----- Source data

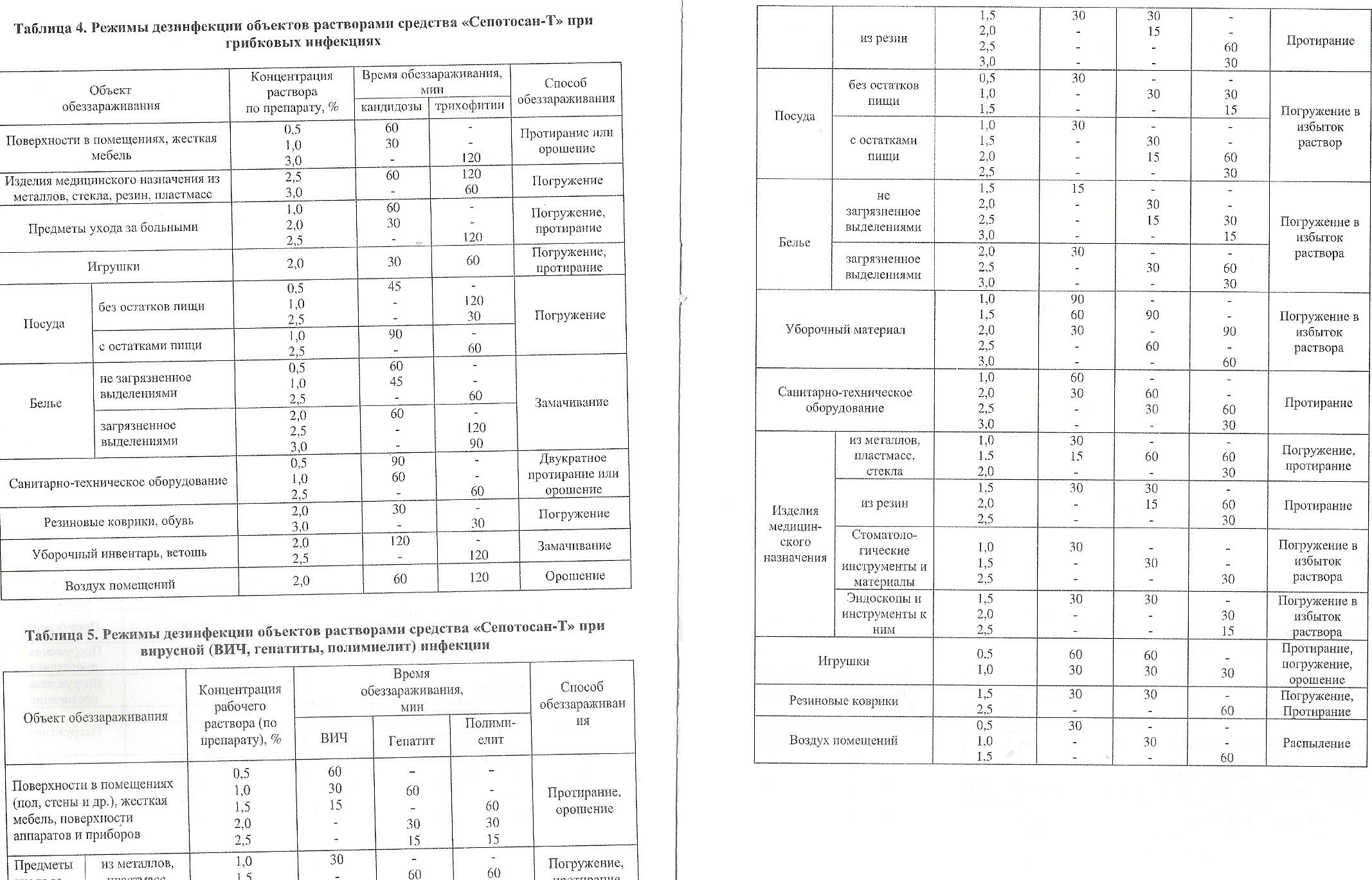 • дезинфекция и мытье поверхностей в помещениях, жесткой мебели, предметов обстановки, поверхностей аппаратов, приборов, санитарно-технического оборудования, белья, посуды (в том числе лабораторной), предметов для мытья посуды, резиновых ковриков, уборочного материала, игрушек, предметов ухода за больными в ЛПУ (включая клинические, диагностические и бактериологические лаборатории, отделения неонтологии, роддома, палаты новорожденных), в детских и пенитенциарных учреждениях, в инфекционных очагах при проведении текущей, заключительной и профилактической дезинфекции;
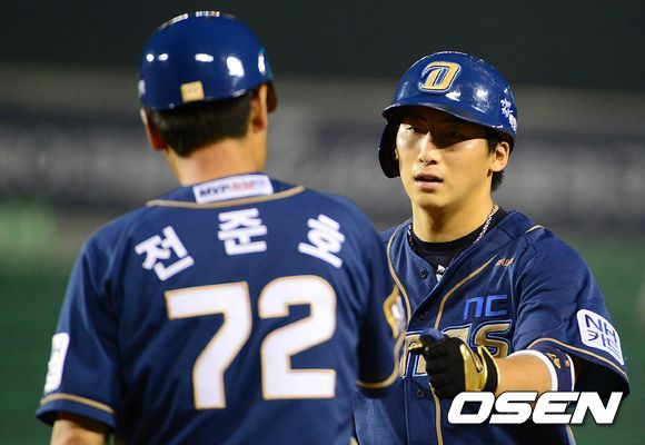 11일 오후 서울 잠실야구장에서 열린 2013 한국야쿠르트 세븐프로야구 LG 트윈스와 NC 다이노스의 경기, 6회초 1사 1,2루에서 NC 나성범이 중전 적시타를 치고 전준호 코치와 하이파이브를 하고 있다.
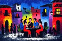 Restaurant Scène | Friends Over Drinks and Sunshine - Dit vrolijke schilderij toont een levendige restaurant scène met een groep mensen die genieten van drankjes aan een tafel, omgeven door kleurrijke huizen in felle tinten zoals rood, paars en geel.
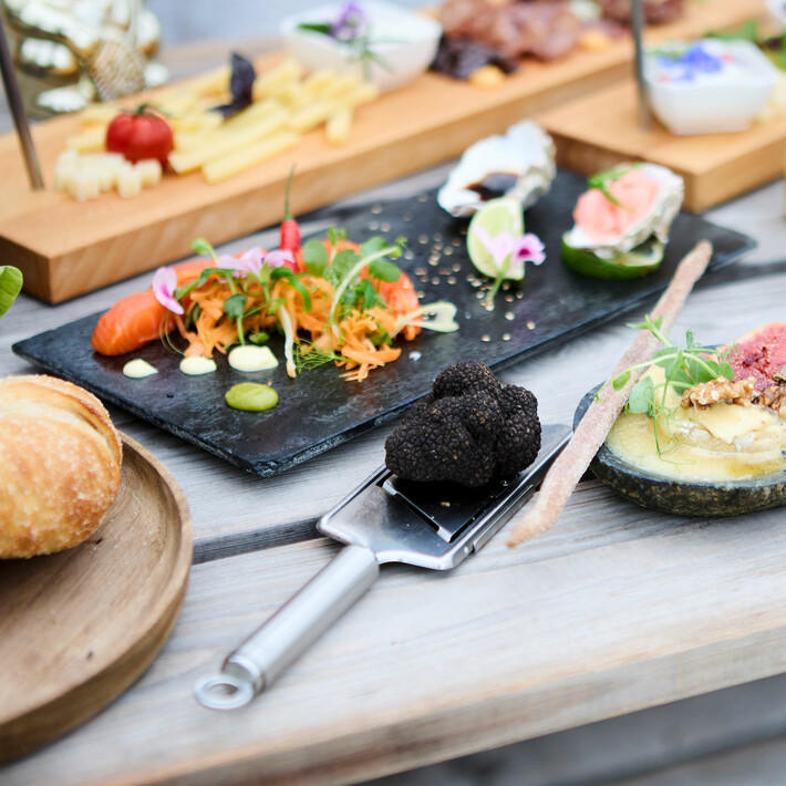 Entspannt zurücklehnen und das Dolce Vita-Gefühl in den Bergen erleben. Im Genuss Hoch 12 werden Culinaria Regionale serviert: Köstlichkeiten aus der italienischen, internationalen und österreichischen Küche mit Zutaten von ausgesuchten, regionalen Partnern. Als flüssige Gaumenfreuden gibt es exzellente Weine und liebevoll zusammengestellte Drinks. Das Bergpanorama und entspannte Musik runden den Genuss mit allen Sinnen ab.
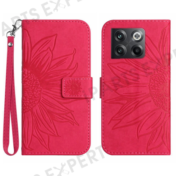 For OnePlus 10T 5G / Ace Pro 5G HT04 Sunflower Imprinted PU Leather Wallet Cover Skin-Touch Flip Stand Phone Drop-proof Case with Hand Strap - Rose
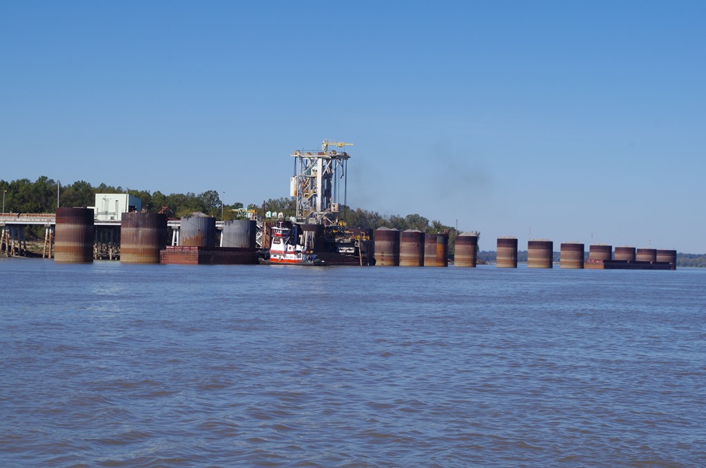 We passed by this area with a huge number of “cells”. Cells are these large steel rock/concreate filled caissons. Barges are normally cabled to them.
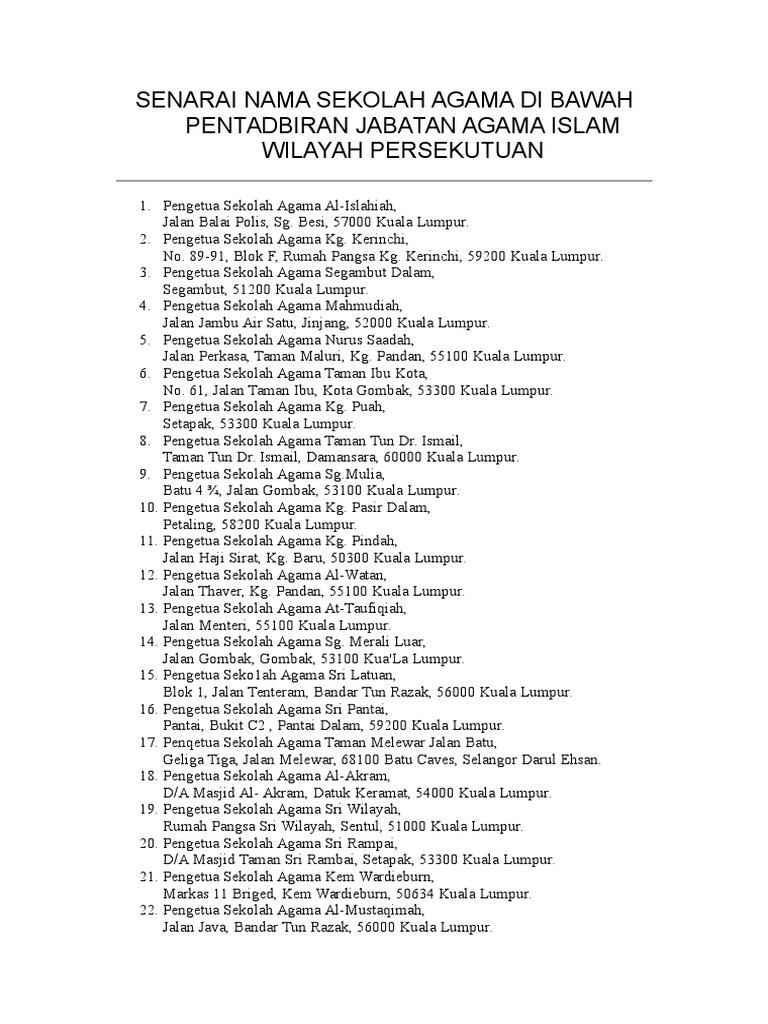 Senarai Nama Sekolah Agama Di Bawah Pentadbiran Jabatan Agama Islam Wilayah Persekutuan Pdf
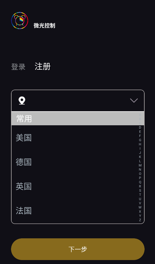 2、注册时需要选择所在国家/地区,系统会根据选择提供相应的服务器支持。

----------

- Directions for this task:
Without the pictures, write out every line above exactly as it appears.

- Answer to this task:
 • дезинфекция и мытье поверхностей в помещениях, жесткой мебели, предметов обстановки, поверхностей аппаратов, приборов, санитарно-технического оборудования, белья, посуды (в том числе лабораторной), предметов для мытья посуды, резиновых ковриков, уборочного материала, игрушек, предметов ухода за больными в ЛПУ (включая клинические, диагностические и бактериологические лаборатории, отделения неонтологии, роддома, палаты новорожденных), в детских и пенитенциарных учреждениях, в инфекционных очагах при проведении текущей, заключительной и профилактической дезинфекции;
 11일 오후 서울 잠실야구장에서 열린 2013 한국야쿠르트 세븐프로야구 LG 트윈스와 NC 다이노스의 경기, 6회초 1사 1,2루에서 NC 나성범이 중전 적시타를 치고 전준호 코치와 하이파이브를 하고 있다.
 Restaurant Scène | Friends Over Drinks and Sunshine - Dit vrolijke schilderij toont een levendige restaurant scène met een groep mensen die genieten van drankjes aan een tafel, omgeven door kleurrijke huizen in felle tinten zoals rood, paars en geel.
 Entspannt zurücklehnen und das Dolce Vita-Gefühl in den Bergen erleben. Im Genuss Hoch 12 werden Culinaria Regionale serviert: Köstlichkeiten aus der italienischen, internationalen und österreichischen Küche mit Zutaten von ausgesuchten, regionalen Partnern. Als flüssige Gaumenfreuden gibt es exzellente Weine und liebevoll zusammengestellte Drinks. Das Bergpanorama und entspannte Musik runden den Genuss mit allen Sinnen ab.
 For OnePlus 10T 5G / Ace Pro 5G HT04 Sunflower Imprinted PU Leather Wallet Cover Skin-Touch Flip Stand Phone Drop-proof Case with Hand Strap - Rose
 We passed by this area with a huge number of “cells”. Cells are these large steel rock/concreate filled caissons. Barges are normally cabled to them.
 Senarai Nama Sekolah Agama Di Bawah Pentadbiran Jabatan Agama Islam Wilayah Persekutuan Pdf
 2、注册时需要选择所在国家/地区,系统会根据选择提供相应的服务器支持。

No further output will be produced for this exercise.